30th Work Anniversary

The only thing I’ve ever done in my career is concern myself with the defense of families’ financial wellbeing. I’ve given counsel and helped families plan contingencies for occurrences that might interrupt their financial plan. And I’ve been there as a financial first responder when a really bad day happens.

So in my 60,000+ hours of doing just one thing, I’ll share some earned observations:

  • Optimism bias is alive & well. My biggest competitor is apathy & the belief that bad stuff happens to other people. No one I’ve known has ever said after a loss, “yup, I saw that coming”.
  • There is an overemphasis on insurance and not enough on risk management. Insurance is a product that does nothing for you until after something bad happens. Risk management considers making the bad day not happen or result in less of an impact if it does. Most families and most wealth advisors think good insurance is good enough. It’s not.
  • I’ve never once heard after a claim, “that was a good experience.” Investment in prevention is worth way more than the best possible post-loss response.
  • Core competency and an interest in addressing risk in the body of a fiduciary engagement (within both in the wealth mgmt and the insurance industries) has diminished.
  • People place too much importance on frequency and not enough on severity.
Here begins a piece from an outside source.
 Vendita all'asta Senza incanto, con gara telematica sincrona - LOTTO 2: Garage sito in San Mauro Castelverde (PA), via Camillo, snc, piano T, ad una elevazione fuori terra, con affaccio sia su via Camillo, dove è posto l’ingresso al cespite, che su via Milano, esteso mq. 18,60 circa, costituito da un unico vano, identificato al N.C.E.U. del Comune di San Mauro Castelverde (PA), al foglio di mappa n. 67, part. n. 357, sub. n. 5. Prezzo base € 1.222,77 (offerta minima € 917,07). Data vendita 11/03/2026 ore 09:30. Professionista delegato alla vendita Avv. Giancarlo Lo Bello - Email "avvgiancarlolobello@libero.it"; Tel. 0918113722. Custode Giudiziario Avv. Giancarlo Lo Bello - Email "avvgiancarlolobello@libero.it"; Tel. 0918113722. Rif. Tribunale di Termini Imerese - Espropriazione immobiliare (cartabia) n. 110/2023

We’re drawn to worry about the more common things, and we should instead be drawn to the things that could be most ruinous.
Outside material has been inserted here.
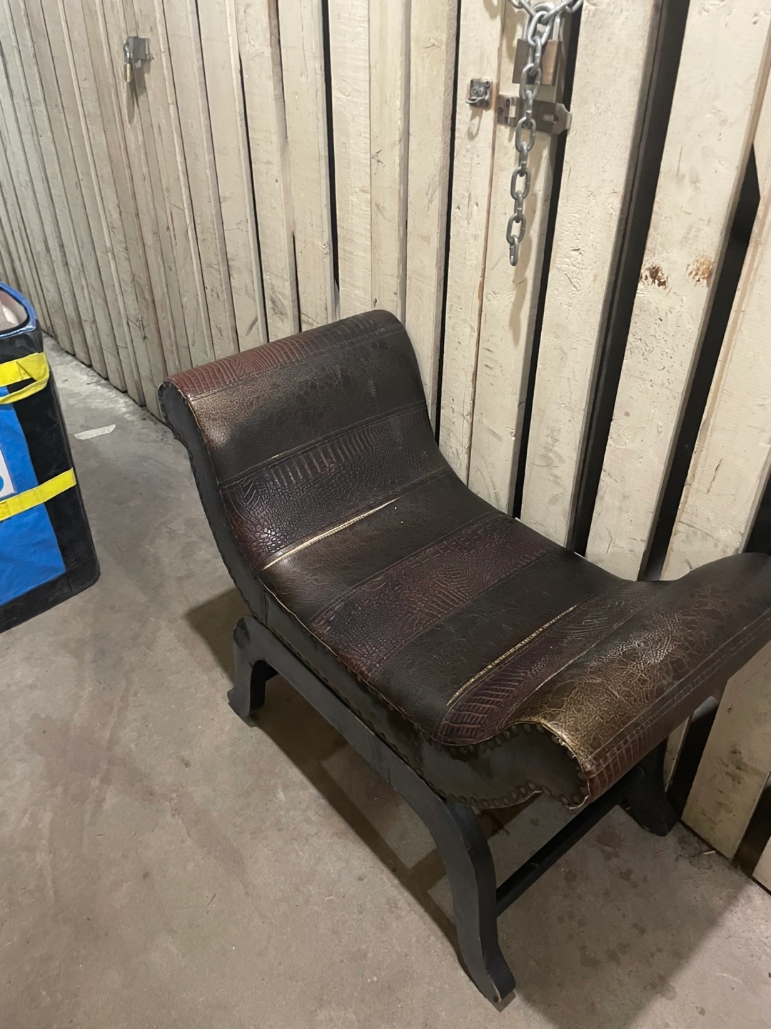 Selling a unique vintage bench with a brown leather seat. It has a distinctive design and would make a great addition to any room. The bench shows some signs of wear, adding to its vintage charm

  • Families love to learn. The best decisions are made when the full story is told and my best days are when someone says, “Wow, I never knew that. That helps us a ton.”
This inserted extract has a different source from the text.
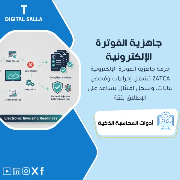 ستستلم: SOP + Data Dictionary + Validation Checklists + Errors Log + Compliance Log + Samples Tracker + Pack Index لتجهيز ZATCA e-invoicing readiness كحزمة موثقة قابلة للتحديث والأرشفة.

  • Risks are evolving. Trends in losses due to weather, wildfires, cybercrime, reputational attacks, professional liability, libel/slander/defamation mean yesterday’s approaches to wealth defense are outdated.
  • More frameworks for addressing the process of risk management are needed. Ad hoc (at best) approaches are outdated. Analytics and formal frameworks based on your specific behaviors will be the future.
  • It matters who you listen to. From whom you take advice today magnifies the result of tomorrow.
  • There’s a tremendous opportunity for wealth managers and insurance advisors to reinforce the emotional benefits of making investments in behaviors and plans that defend a family’s financial wellbeing. Perhaps that’ll be something for me to tackle over the next 60,000 hours.